Monday, 20 May 2013

Hoping for the Best, Preparing for the Worst

photo by Shannon Woods McKenzie

I love this photo of my mom and step-dad.  My sister Shannon took it, and when she shared it she said "Young love's got nothing on old love." 

Exactly right.

My parents are in their late 70's now, and my my mom has advanced Alzheimers.  My step-dad cares for her with a degree of love, respect, and patience that is truly awe inspiring.  It's an exhausting job.

Mom is due to go into a care facility soon and, while my step-dad will be relieved to have the burden of care shared with others, he's going to miss her terribly.  The change will be a big adjustment for both of them.

Every life event brings with it its lessons, and my mom's illness is no exception.  It has me thinking a lot about preparing for the years to come.

We all hope that we will be robust in our old age, live a long and healthy life, and die peacefully in our sleep, but sadly that's not always the case.  Statistics here in Canada show that the majority of our elders spend the last ten years of their life in illness.

Illness or injury come with expenses and practicalities that can be prepared for in advance. So, while we can be proactive in maintaining our good health and hopeful about having a long and healthy life, we should also be practical and prepare for the possibility that we may some day suffer a long term illness or disability.

Here are some practical steps we can all take:

Buy accident/illness/disability insurance.  

Accident/illness/disability insurance is intended to provide income to cover things like mortgage and loan payments, medical expenses, and home assistance if you suffer an injury or long-term illness.  It can help guard against accruing debt that would otherwise have to be paid off upon your recovery or passed on to your family should you die.

Buy this insurance now, while you are in good health.  If you wait until you need the coverage, it's too late.

Make a power of attorney.  

Choose someone you trust implicitly enough to give them unlimited access to your financial and legal affairs because this is what a power of attorney does.  It allows someone to step in and make those decisions for you in the event that you are unable to do so yourself, but a power of attorney does not specify when it may be used.  If you are concerned about someone having access to your power of attorney while you are still in good health, you can either keep it in a safe place in your home and advise someone other than the power of attorney holder where it is, or you can leave it in care of your lawyer with specific instructions about releasing it.

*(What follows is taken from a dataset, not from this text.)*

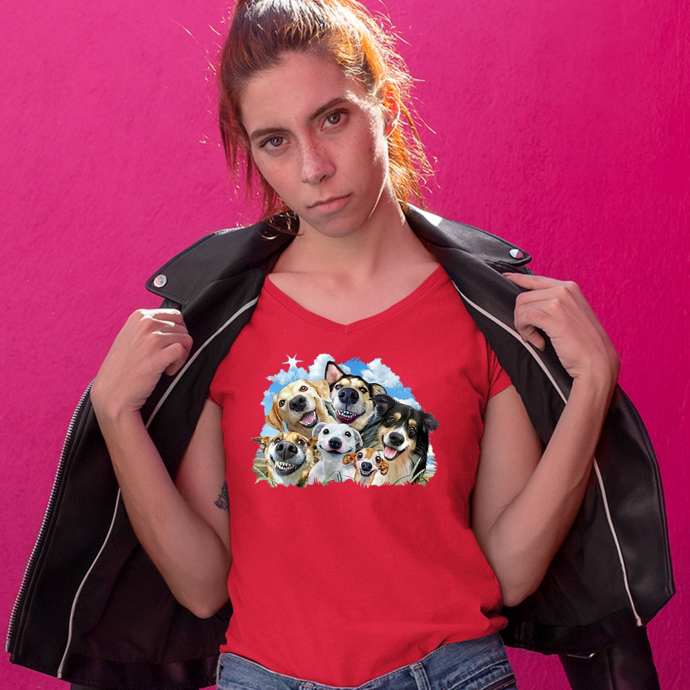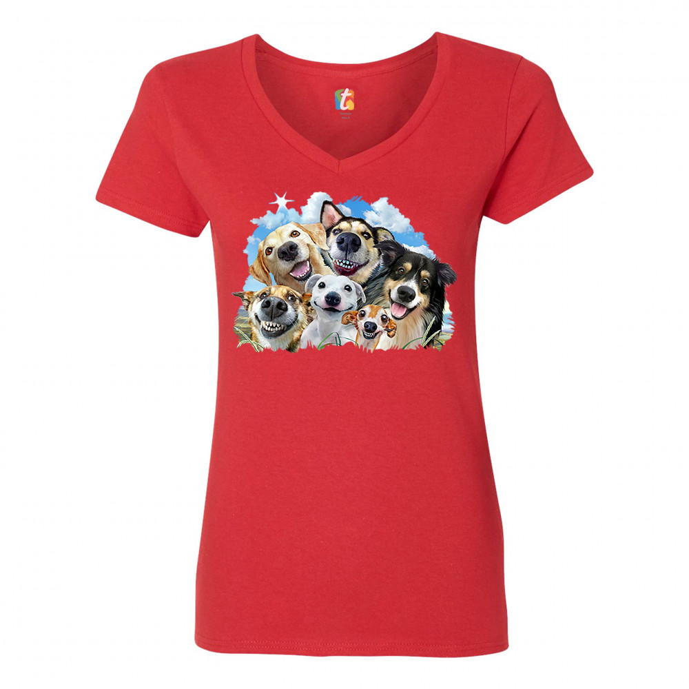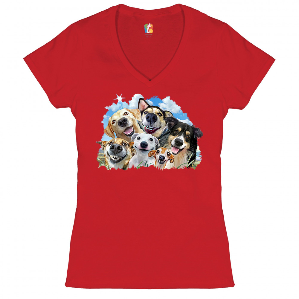 SMILING DOGS' SELFIE women's v-neck t-shirt funny animal dog lover cute tee red

Again, this is something you need to take care of while you're well.  If you wait and become too ill to manage your affairs, application for power of attorney must be made through the courts.  The process can take months and will cost thousands of dollars.

Make your wishes known.  

These are hard subjects but you do need to discuss them with your family. 

If you had a chronic illness or disability that required daily assistance would you prefer to remain at home or to go into a care facility? What are the costs associated with the care you would prefer to have?  What provisions have you made to provide for such an eventuality?

If you were terminally ill or suffered an injury likely to cause death would you prefer that heroic measures be taken to keep you alive, or would you prefer that your family sign a "do not resuscitate" order?

When you die, what do you wish done with your remains?  Do you wish to be an organ donor? Or to donate your body for research or for use as a medical teaching cadaver?  If you are not donating your body, do you wish to be cremated or buried?

Do you have specific wishes regarding a funeral or memorial service? Have you arranged pre-payment for your funeral expenses or set money aside for that purpose?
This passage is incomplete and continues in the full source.